Les semaines et les mois à venir seront difficiles pour le peuple ukrainien. Poutine lui a infligé une grande douleur. Mais le peuple ukrainien a connu 30 ans d’indépendance. Il a montré à maintes reprises qu’il ne tolérera personne qui tente de faire faire marche arrière à son pays.

C’est un moment dangereux pour toute l’Europe, pour la liberté dans le monde entier. Poutine a commis une attaque contre les principes mêmes qui protègent la paix mondiale.

Mais, maintenant, le monde entier voit clairement les intentions de Poutine et de ses alliés du Kremlin. Il n’a jamais été question de véritables préoccupations de sécurité de leur part. Il s’est toujours agi d’une agression pure et simple. Du désir d’empire de Poutine par tous les moyens nécessaires. En intimidant les voisins de la Russie par la coercition et la corruption. En changeant les frontières par la force et en choisissant finalement une guerre sans cause.

Les actes de Poutine révèlent une vision sinistre de l’avenir de notre monde, où les pays prennent ce qu’ils veulent par la force.

Mais c’est une vision à laquelle les États-Unis et les nations éprises de liberté s’opposeront avec tous les outils de notre puissance considérable.

Les États-Unis et leurs alliés et partenaires en sortiront plus forts, plus unis, plus déterminés et plus résolus.

L’agression de Poutine contre l’Ukraine finira par coûter très cher à la Russie sur les plans économique et stratégique. Nous allons nous en assurer. Poutine sera un paria sur la scène internationale. Tout pays qui tolère l’agression flagrante de la Russie contre l’Ukraine sera entaché par association.

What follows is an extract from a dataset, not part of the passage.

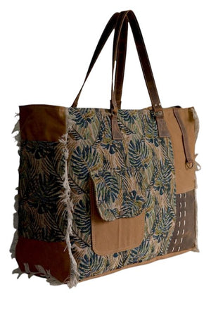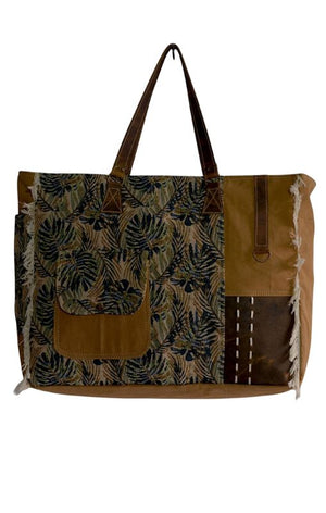 Hopofly - Canvas & Leather Mosaic Weekender Bag - JH-6047

Quand l’histoire de cette époque sera écrite, elle dira que le choix de Poutine de mener une guerre totalement injustifiable contre l’Ukraine aura affaibli la Russie et renforcé le reste du monde.

La liberté, la démocratie et la dignité humaine. Ce sont des forces bien plus puissantes que la peur et l’oppression. Elles ne peuvent pas être anéanties par des tyrans comme Poutine et ses armées. Elles ne peuvent pas être effacées du cœur et des espoirs des gens, quelles que soient la violence et l’intimidation imposées. Elles perdurent.

Entre la démocratie et l’autocratie, entre la souveraineté et la soumission, ne vous méprenez pas : la liberté l’emportera.

Que Dieu bénisse le peuple d’une Ukraine libre et démocratique et qu’il protège nos troupes.